EARNINGS & GROWTH ANALYSIS
The company has three main product segments: Combustibles (88% of 1H20 revenue), New Categories (5%), and Traditional Oral (5%). It also has four geographic segments: the U.S. (46% of first-half revenue); Americas and Sub-Saharan Africa (AmSSA) (14%); Europe and North Africa (ENA) (23%); and Asia-Pacific and Middle East (APME) (17%). In addition, the company has a ‘strategic portfolio’ consisting of its ‘global drive brands’ (Kent, Dunhill, Lucky Strike, Pall Mall and Rothmans); three U.S. brands (Camel, Newport and Natural American Spirit); and reduced-risk products. Total 1H revenue growth was helped by 6% constant-currency growth in the strategic portfolio. In the Combustibles segment, volume declined 6.5% in the first six months of 2020, reflecting supply-chain disruptions in certain markets, partly offset by more favorable pricing and product mix. The New Categories segment includes Vapor, Tobacco Heating Products (THP), and Modern Oral.
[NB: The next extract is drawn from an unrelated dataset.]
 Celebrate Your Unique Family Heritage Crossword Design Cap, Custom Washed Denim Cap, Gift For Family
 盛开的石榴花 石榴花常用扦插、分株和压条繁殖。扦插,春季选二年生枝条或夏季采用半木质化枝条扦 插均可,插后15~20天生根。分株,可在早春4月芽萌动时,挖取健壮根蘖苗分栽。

Vapor volume was up 43% from 2019, reflecting strength in the U.S. THP volume rose 9.1%, driven by the growth of glo Pro and the launch of glo Hyper (a new THP device) in Japan, Russia, Italy, Romania, and Germany.
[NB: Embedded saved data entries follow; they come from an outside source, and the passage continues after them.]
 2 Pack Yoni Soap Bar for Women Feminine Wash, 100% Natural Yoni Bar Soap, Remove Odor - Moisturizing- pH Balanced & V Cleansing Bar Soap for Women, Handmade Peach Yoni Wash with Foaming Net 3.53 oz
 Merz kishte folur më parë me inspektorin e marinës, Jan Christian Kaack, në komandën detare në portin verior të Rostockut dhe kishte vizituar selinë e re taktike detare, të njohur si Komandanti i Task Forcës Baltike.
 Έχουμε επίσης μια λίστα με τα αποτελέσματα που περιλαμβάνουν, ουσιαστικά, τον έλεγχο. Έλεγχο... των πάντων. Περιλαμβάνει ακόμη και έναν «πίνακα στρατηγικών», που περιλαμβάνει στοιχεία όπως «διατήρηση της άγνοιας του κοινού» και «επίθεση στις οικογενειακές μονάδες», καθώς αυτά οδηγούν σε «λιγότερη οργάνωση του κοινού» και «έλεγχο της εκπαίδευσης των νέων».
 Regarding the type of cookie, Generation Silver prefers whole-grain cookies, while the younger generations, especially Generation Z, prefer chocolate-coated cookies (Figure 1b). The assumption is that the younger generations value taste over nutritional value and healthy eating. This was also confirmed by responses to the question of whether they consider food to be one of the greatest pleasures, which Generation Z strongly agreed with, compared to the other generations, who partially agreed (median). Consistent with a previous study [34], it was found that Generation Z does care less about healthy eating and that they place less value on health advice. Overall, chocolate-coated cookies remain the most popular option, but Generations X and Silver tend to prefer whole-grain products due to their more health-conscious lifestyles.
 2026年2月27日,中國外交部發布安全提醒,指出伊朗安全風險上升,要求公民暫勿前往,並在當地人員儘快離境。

Modern Oral volume increased 74%, reflecting strong sales of Velo (nicotine pouches produced by BTI) in the U.S. Velo achieved a category volume share of 9% for the six months that ended in June 30, 2020, as distribution expanded to more than 120,000 outlets. In 1H, the adjusted operating margin widened by 40 basis points to 43.7%, reflecting savings from the company’s Project Quantum program. The program focuses on efficiency gains and has enabled the company to spend more on New Categories marketing without substantially increasing total expenses. Trends and expenses and current earnings are at 0.25 per ADR from $4.15.
FINANCIAL STRENGTH & DIVIDEND
The debt/cap ratio was 73% as at June 30, 2020, above the 10-year historical average of 60.7%. Management has said it is committed to the dividend and expects to pay out 65% of adjusted EPS on an annual basis. 208.6p ($2.61) for 2020 and 215p ($2.69) for 2021. The company has suspended its share buyback program due to its investment in Reynolds American.
MANAGEMENT & RISKS
Jack Bowles, formerly the company’s COO, took over as CEO from Nicandro Durante on April 1, 2019. The finance director is Tadeu Marroco. British American has expanded its business through a range of investments, including the acquisition of the remainder of Reynolds American. In 2015, it spent $4.7 billion to maintain a 42% stake in an enlarged Reynolds American, paid 1.7 billion pounds to acquire the shares of Brazilian tobacco company Souza Cruz S.A. that it did not already own, and acquired Croatian tobacco company TDR for 550 million euros. It also purchased CHIC, a Polish e-cigarette business. On December 21, 2017, the company agreed to acquire 100% of Twisp Propriety Ltd., a South African e-cigarette/nicotine vapor company. The company’s three key priorities are: driving value from Combustibles, ensuring a step change in New Categories, and simplifying the business. British American Tobacco faces a range of legal and regulatory risks, including smoking bans, restrictions on package advertising, and risks related to allegations of bribery in its African operations. It also faces competitive challenges, both from established cigarette companies and manufacturers of smokeless products, as well as pressure from rising taxes and sales of counterfeit cigarettes. The stock has recently faced pressure from concerns about stronger FDA regulation of both smokeless and smokeable products, and the reduction of nicotine in these products to non-addictive levels.
London-based British American Tobacco plc. is the holding company for a group of companies that manufacture, market and sell cigarettes and other tobacco products, as well as smokeless products. The company has approximately 64,000 employees, not including employees working at tobacco farms. Its major brands include Newport, Dunhill, Kent, Lucky Strike, Pall Mall, Vuse, Rothmans, Vogue, Viceroy, Kool, Peter Stuyvesant, Benson & Hedges, John Player Gold Leaf, State Express 555, and Shuang Xi.
We think the shares offer value as well as a high dividend yield. We are reaffirming our BUY rating with a revised target price of $40, reduced from $50 to reflect ongoing industry risks.